District Court In The Hague Rejects Lawsuit By Bodegraven-Reeuwijk Residents To Twitter To Remove Fictitious Content
JAKARTA - A court in the Netherlands on Tuesday, October 4, rejected a lawsuit that residents of the town of Bodegraven-Reeuwijk asked Twitter to do more to address posts about unsubstantiated allegations that a satanic pedophile network was active in the city in the 1980s.
The District Court in The Hague concluded the social media giant had "done enough to remove unlawful content about the 'Bodegraven story' from its platform." This refers, among other things, to the permanent suspension of a Twitter account containing defamatory and inflammatory tweets about the story.

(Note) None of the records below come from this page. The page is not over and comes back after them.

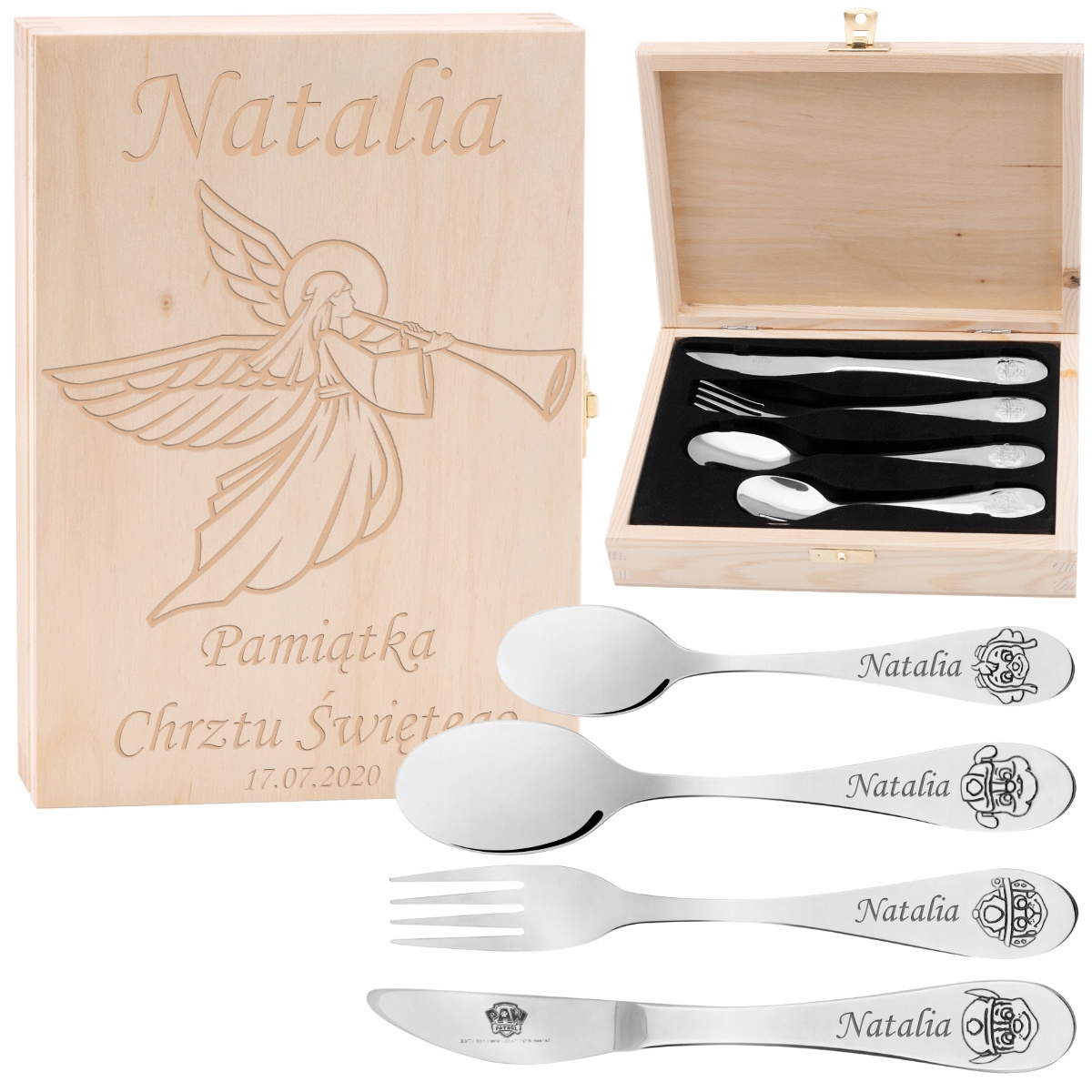 Детские столовые приборы/Щенячий патруль/Деревянный футляр/Своя гравировка/Сувенир на Крещение
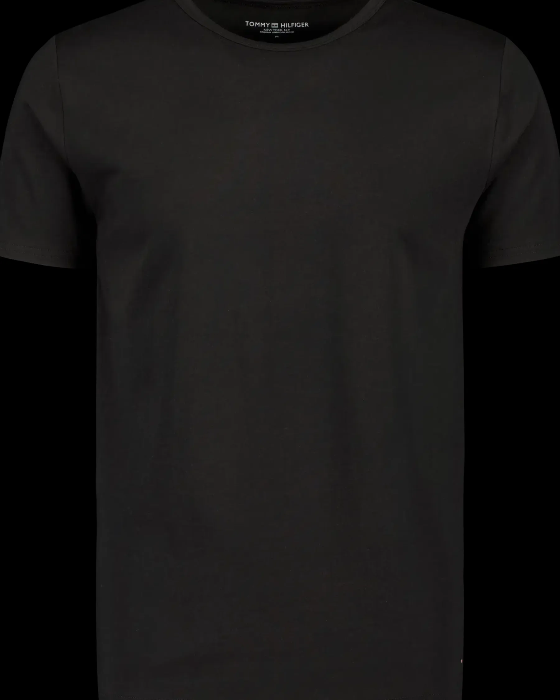 Pakkauksessa on kolme mustaa t-paitaa. Pyöreä pääntie. Hillitty Tommy Hilfiger logo paidan helmassa.
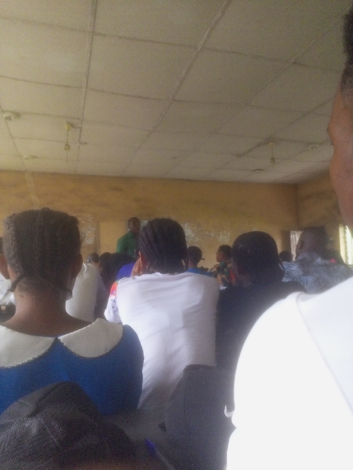 The image depicts an indoor gathering in Uyo, Nigeria. The perspective is from the rear of the room, looking towards the front. Approximately ten individuals are visible, primarily from behind, seated in rows. In the foreground, a person with braided dark hair wears a blue top with a white Peter Pan collar. Adjacent, another individual wears a white t-shirt. Further right in the foreground, part of a head and shoulder wearing a white shirt is visible. In the mid-ground, a person with dark hair in a black top is seated. At the front of the room, a blurred figure in a green shirt stands, facing the seated group, suggesting a speaker or instructor. The room features a white grid-patterned ceiling composed of acoustic tiles, from which several bare wires or incomplete light fixtures hang. The walls are a light brown or yellowish color, exhibiting areas of discoloration and wear. A black bag is partially visible in the lower left, and a blue pen rests on an unseen surface in the lower center. The overall environment suggests a functional classroom or meeting space.
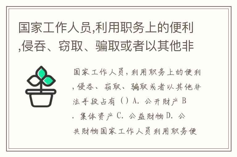 国家工作人员,利用职务上的便利,侵吞、窃取、骗取或者以其他非法手段占有 ( ) A. 公开财产 B. 集体资产 C. 公益财物 D. 公共财物
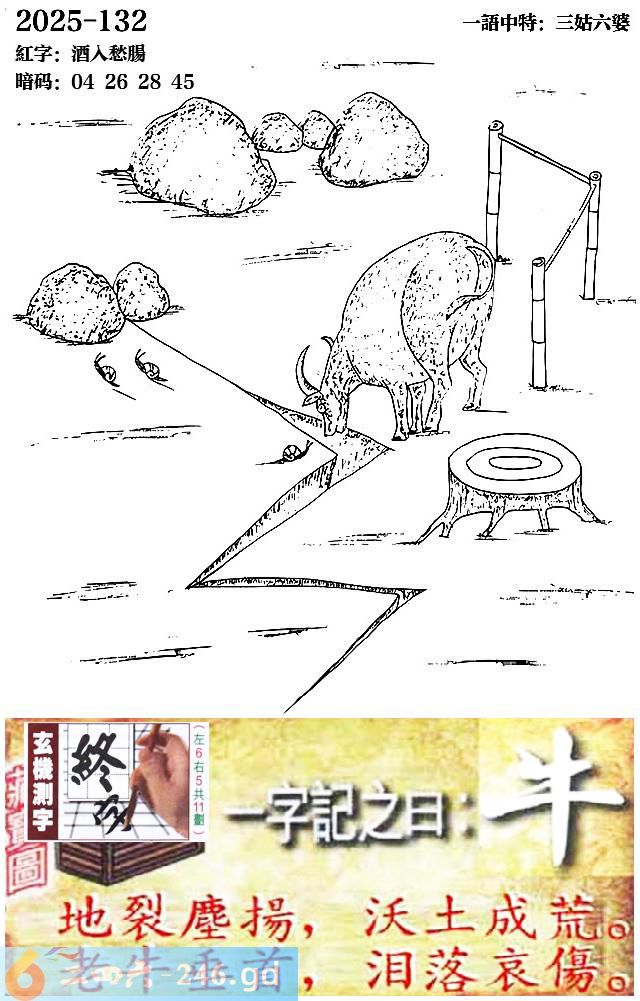 132期跑狗一字記之曰:【牛】 地裂塵揚,沃土成荒。 老牛垂首,淚落哀傷

The city of about 35,000 people last month took Twitter to court and demanded it remove all messages related to unsubstantiated stories about children being abused and killed in Bodegraven decades ago.
The stories have made Bodegraven the focus of conspiracy theories on social media since 2020. The fictional stories have foreigners flocking to local cemeteries to lay flowers and write messages on the graves of dead children.
SEE ALSO:
The court said it would not order Twitter to remove other tweets relating to the story from other accounts, but asked the company to immediately respond to Bodegraven-Reeuwijk's concrete takedown request.
Twitter argues that it's impossible to create a good filter to find Bodegraven stories that won't affect legal content.
According to a Reuters report, three men accused of inciting Bodegraven's story are currently in prison after being found guilty in another court case of inciting and making death threats to people including Prime Minister Mark Rutte and former health minister Hugo de Jonge.